* Requirement
Beginning at the line that contains "Mahathir Mohamad, Malaysian" and finishing at the line that contains "該產品用于測量液體、氣體或蒸", output the data below exactly. Include both end lines and no pictures.

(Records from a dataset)
-*-
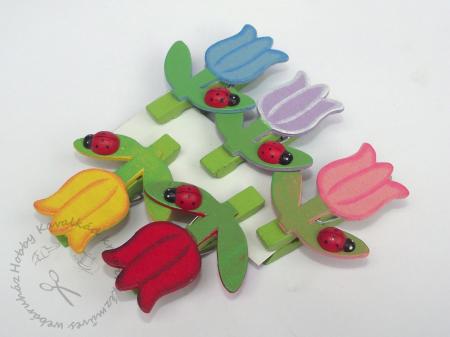 4,5 cm-es csipeszen, kb. 4 x 4 cm-es tulipán, levelén katicával. 5 különböző szín (sárga, piros, kék, lila, rózsaszín)
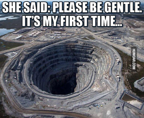 “It’s My First Time” is an image macro meme that revolves around images of large gaping holes with the phrase captioned on them. The meme is sarcastically referring to women who lie about being virgins.
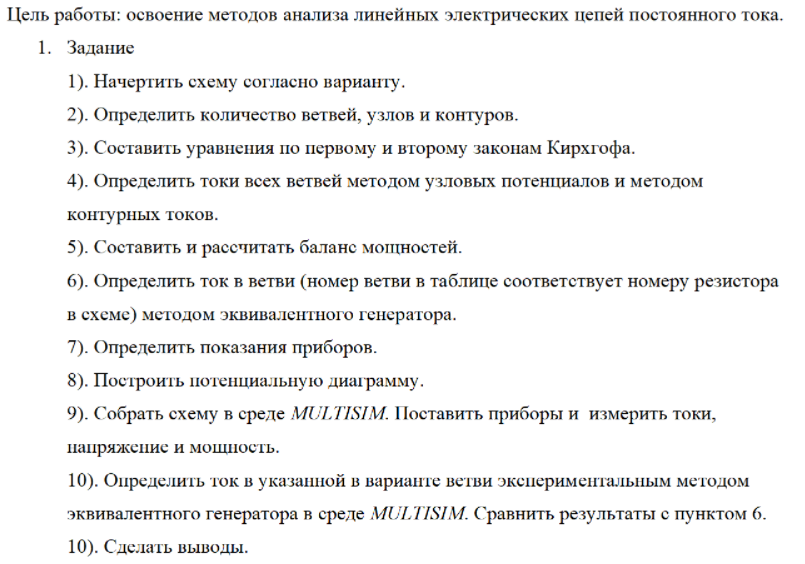 Тема: "Расчет сложных линейных цепей постоянного тока"
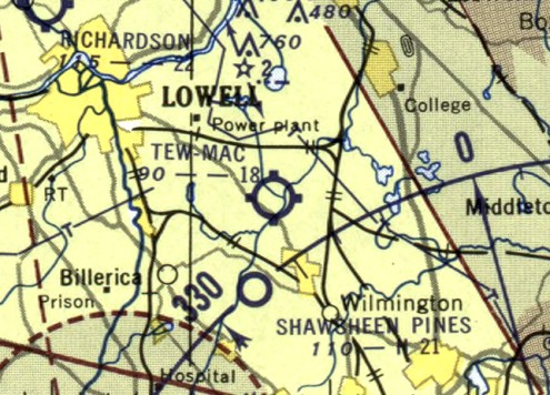 The earliest aeronautical chart depiction of Tew-Mac Airport which has been located was on the May 1953 Boston Sectional Chart.
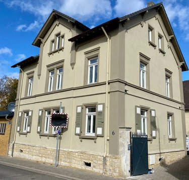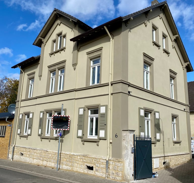 Das große Haus aus der Jahrhundertwende war ursprünglich Wohnsitz einer großen Familie. Die Bauherrin entschied sich für die Aufteilung in 3 Wohneinheiten (EG, OG + DG). Die Baumaßnahme umfasste die komplette Sanierung der Fassaden, den Einbau neuer altbaugerechter Fenster und innen weitreichender Umbau- und Instandsetzungen (Böden, Decken, Wände und Sanitärräume). Aus dem in die Jahre gekommenen Haus wurde dadurch wieder ein ansehnliches Anwesen mit 3 großzügigen Wohnungen.
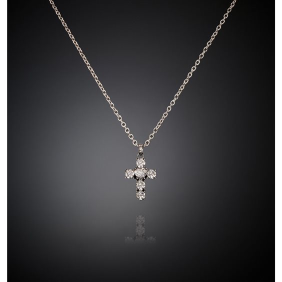 Collana pendente placcata argento con croce di zirconi, il centrale caratterizzato dall'iconico taglio a cuore. Croce: 13,5x17,5x3,5 mm (LxAxP) Catena: 38+7 cm
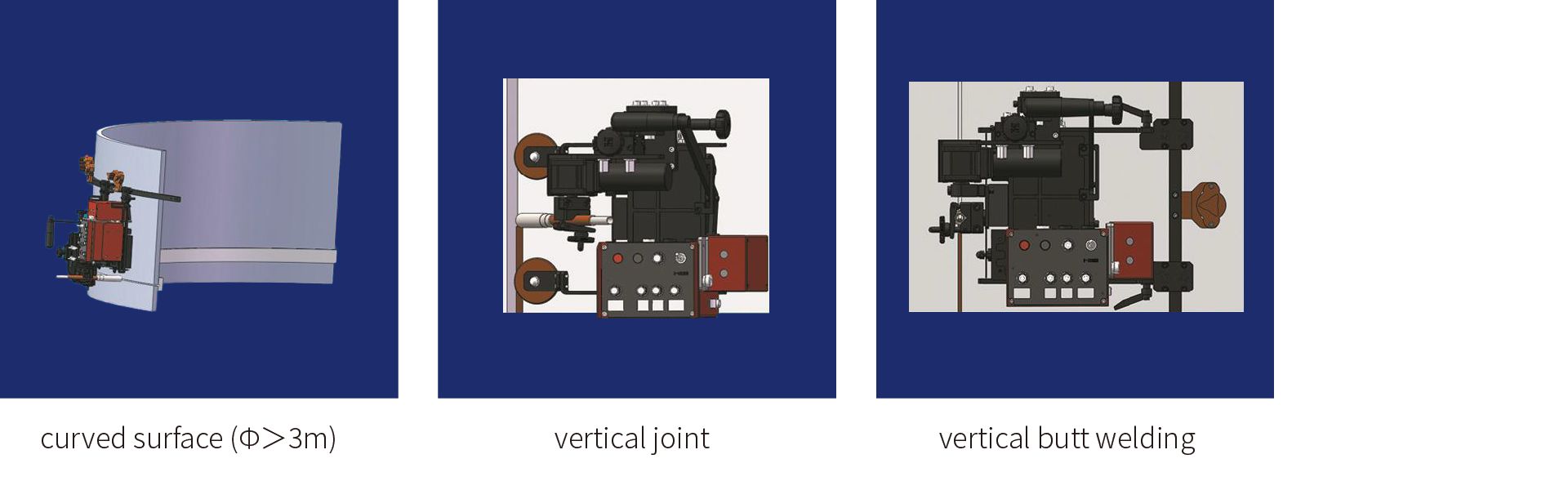 - Soft or hard rails are available for out-of-position welding operation such as on vertical or curved surface.
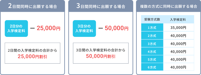 A・B・C日程のうち複数の日程に同時に出願すると、入学検定料の割引(最大3日間で50,000円)があります。また複数の方式に同時に出願する場合、2方式目追加はプラス5,000円で出願でき、2方式上の受験は同額(40,000円)です。なお、公募推薦選抜を受験されている場合は入学検定料の合計(上記割引後)からさらに25,000円割引します。
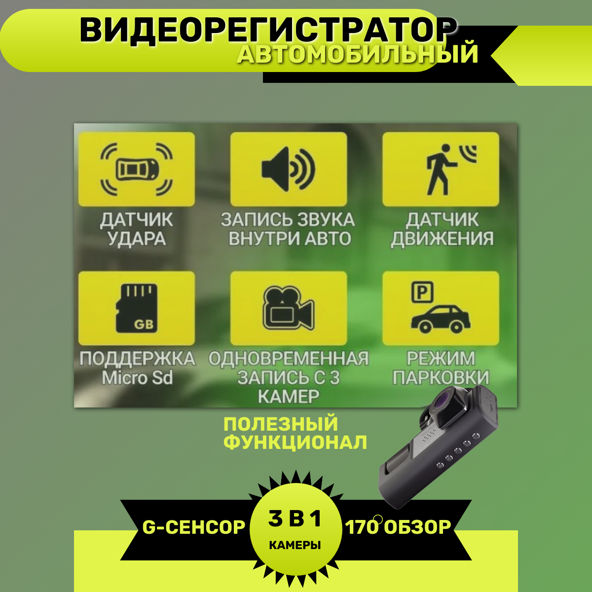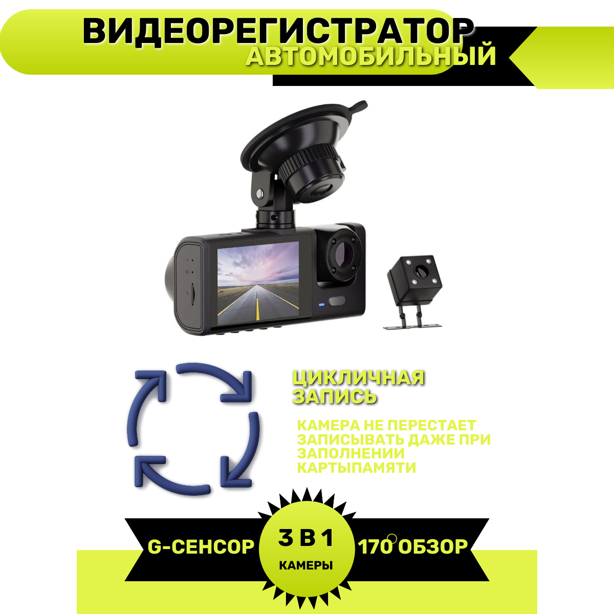 Купить Видеорегистратор Baobioki HD 3-в-1 с камерой заднего вида и широким углом обзора с доставкой по всей России.
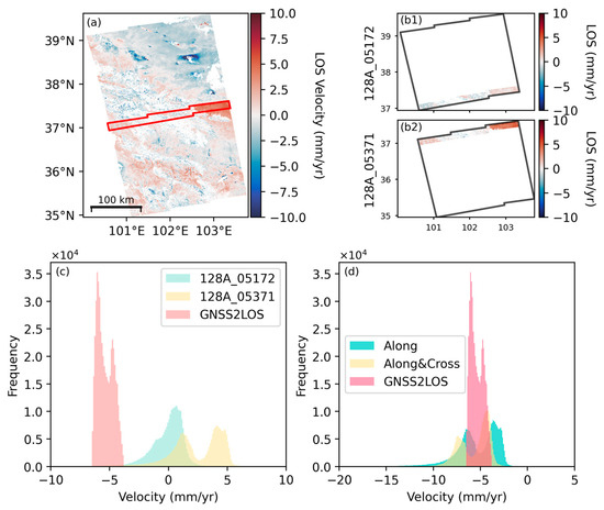 In the overlapping region along the track, a statistical comparison was conducted between the deformation of the original frame and that of the Along-track and Along+Cross track mosaics. The GNSS2LOS in subfigures (c,d) represents the data projected by GNSS onto the LOS plane. Subfigure (a) shows the spatial distribution of two adjacent frames along the track (128A_05172 and 128A_05371). The red box indicates their overlapping area. Subfigure (b1) displays the LOS velocity field for the overlapping area of the northern frame (128A_05172), while subfigure (b2) shows the LOS velocity field for the overlapping area of the southern frame (128A_05371).
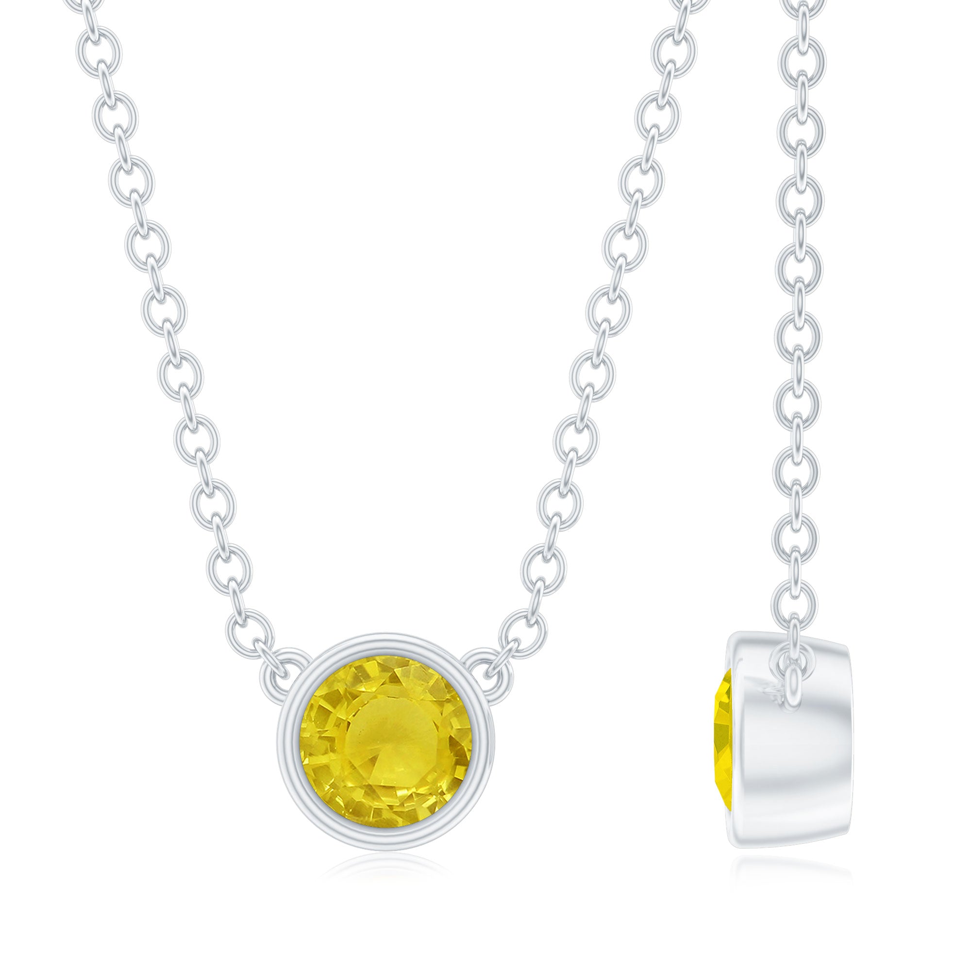 Round Cut 4 MM Yellow Sapphire Bezel Set Necklace
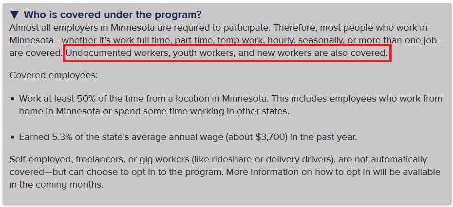Under the Minnesota Paid Family and Medical Leave Program which Walz signed into law ahead of its Jan. 1 start date, "undocumented workers" will receive benefits, according to the Minnesota Chamber of Commerce's FAQ page.
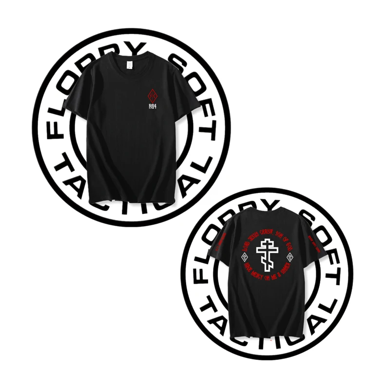 Camiseta de oración estampada irregular de gran tamaño de manga corta negra de manga corta
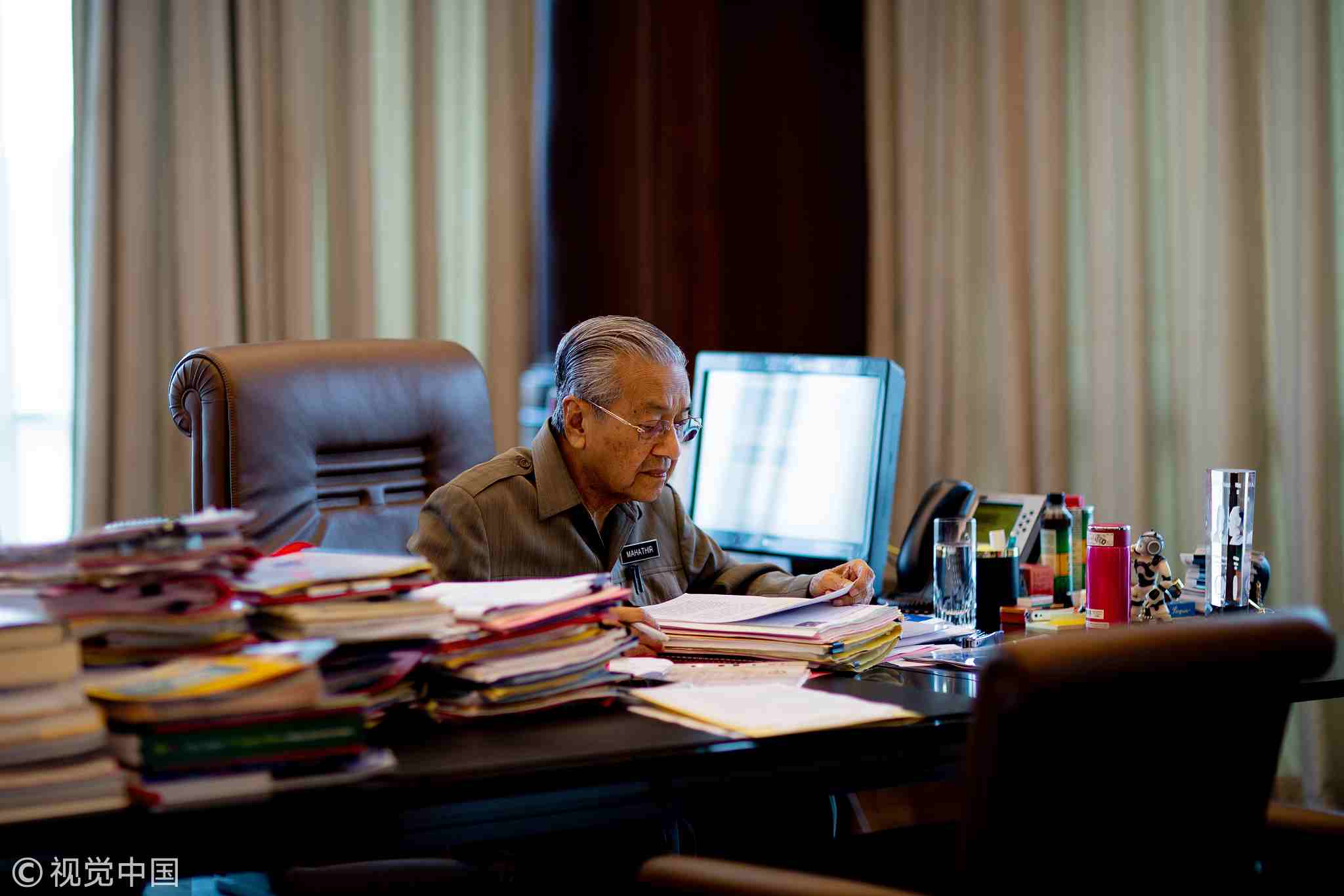 Mahathir Mohamad, Malaysian prime minister, working in his office in Kuala Lumpur on Friday, June 22, 2018. /VCG Photo
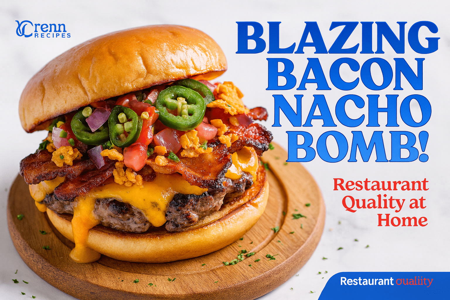 The ultimate blazing bacon nacho bomb burger featuring perfectly seasoned beef patties, crispy bacon, melted cheddar, fresh jalapeños, and signature tortilla chip crunch. Crafted for discerning home chefs seeking restaurant-quality burger perfection with bold flavors and gourmet presentation.
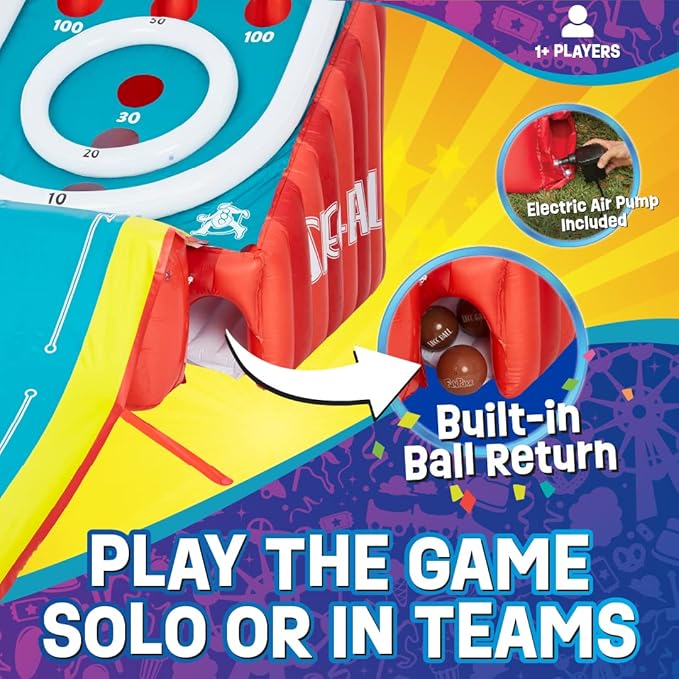 • GIANT: Get ready for some big fun with this inflatable Skee-Ball Game. This outdoor game is perfect for the whole family and includes 4 rubber balls and an electric air pump for easy setup
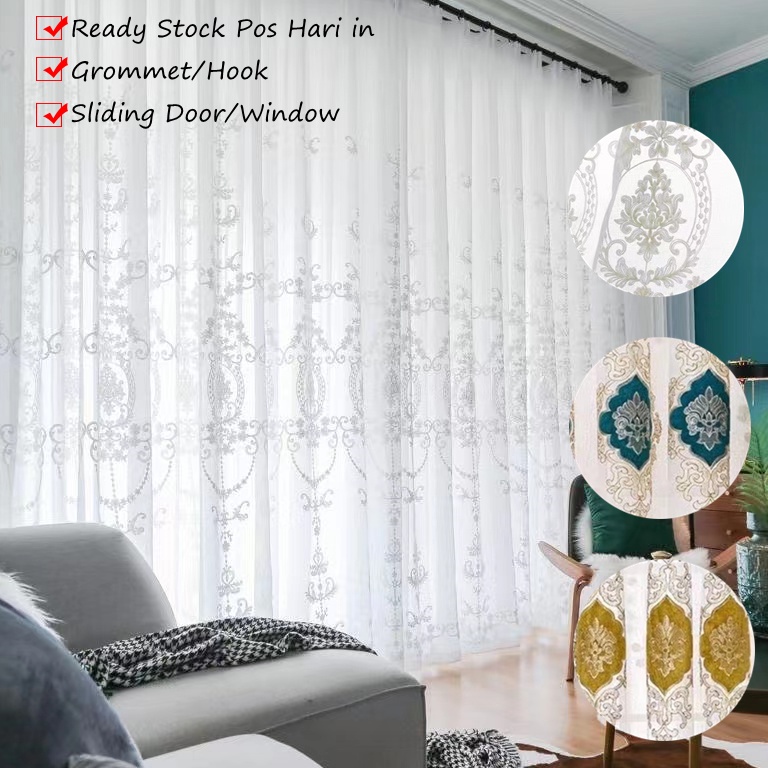 Sheer Day Curtain Langsir for Sliding Door Tulle Curtain Langisr Voile Drapes Curtains for Living Room Bedroom Window Panel
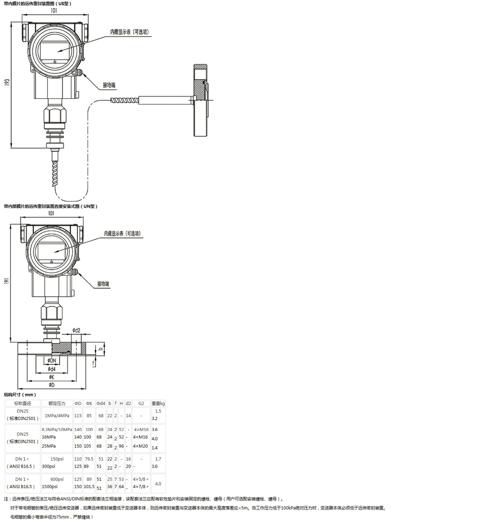 該產品用于測量液體、氣體或蒸汽的液位、密度、壓力,將其轉變成4~20mA (HART)電流輸出信號,可通過RST375手持終端對它們進行參數設定、過程監控等。測量范圍(未遷移時)為0-6kPa~25MPa,液位法蘭的額定壓力分別為:1.6/4MPa、6.4MPa、10MPa、150psi、300psi或600psi。
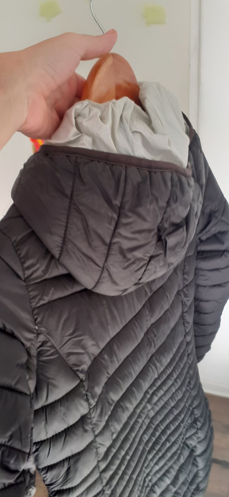Predám novú, max. 2x oblečenú bundu na zimu. Je veľmi teplá a je to taký širší strih, ale pás sa dá regulovať. Má obrovskú kapucňu s čiernou umelou kožušinkou. Nemá žiadne vady ani nie je poškodená.
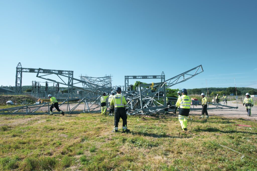 Installed in May 2023, the structure was erected to support the energisation of the southern part of the route between Sandford and Bridgwater. Working in collaboration with construction company, Balfour Beatty, the project team completed the removal with precision, disconnecting wires, cutting the tower legs, and using a winch mounted to a tractor to safely bring down the structure. As with all parts of the project, careful planning, respect for the local environment and the community played a key role in ensuring complete success.
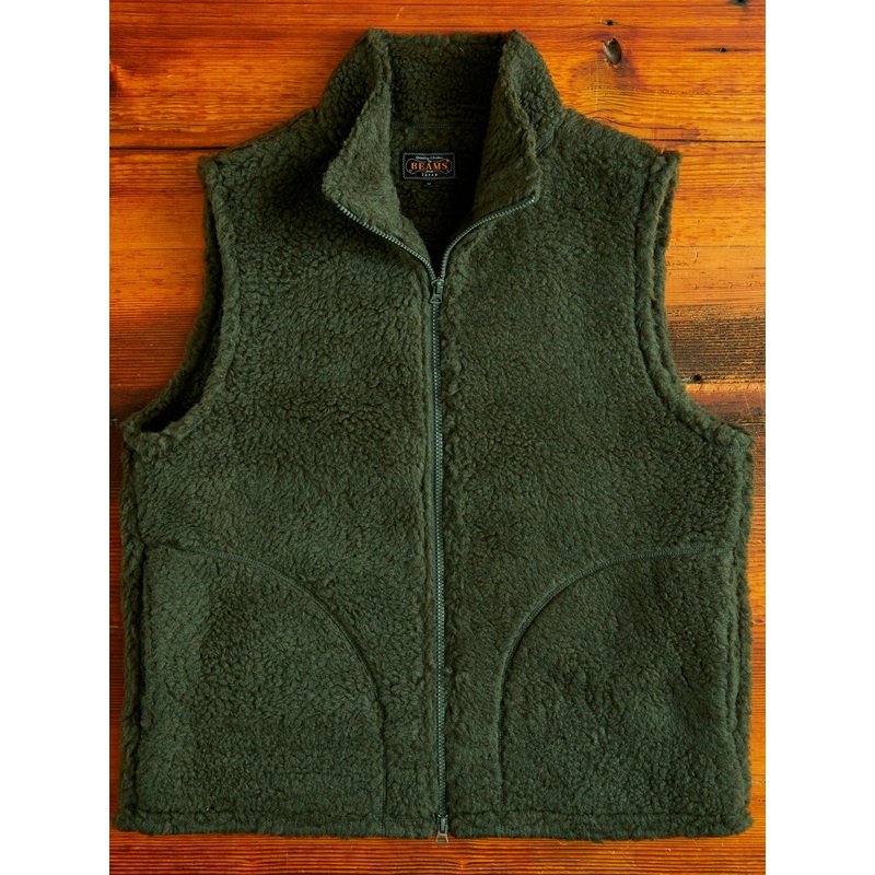DetailsSizingBrand InfoThis cozy Boa Vest from BEAMS PLUS features a wool-poly blend fabric with a soft fleece like texture and heat insulating properties. Cut in a standard fit, the vest features a stand collar, two hand warmer pockets at the waist, and t
-*-
* Final answer
 Mahathir Mohamad, Malaysian prime minister, working in his office in Kuala Lumpur on Friday, June 22, 2018. /VCG Photo
 The ultimate blazing bacon nacho bomb burger featuring perfectly seasoned beef patties, crispy bacon, melted cheddar, fresh jalapeños, and signature tortilla chip crunch. Crafted for discerning home chefs seeking restaurant-quality burger perfection with bold flavors and gourmet presentation.
 • GIANT: Get ready for some big fun with this inflatable Skee-Ball Game. This outdoor game is perfect for the whole family and includes 4 rubber balls and an electric air pump for easy setup
 Sheer Day Curtain Langsir for Sliding Door Tulle Curtain Langisr Voile Drapes Curtains for Living Room Bedroom Window Panel
 該產品用于測量液體、氣體或蒸汽的液位、密度、壓力,將其轉變成4~20mA (HART)電流輸出信號,可通過RST375手持終端對它們進行參數設定、過程監控等。測量范圍(未遷移時)為0-6kPa~25MPa,液位法蘭的額定壓力分別為:1.6/4MPa、6.4MPa、10MPa、150psi、300psi或600psi。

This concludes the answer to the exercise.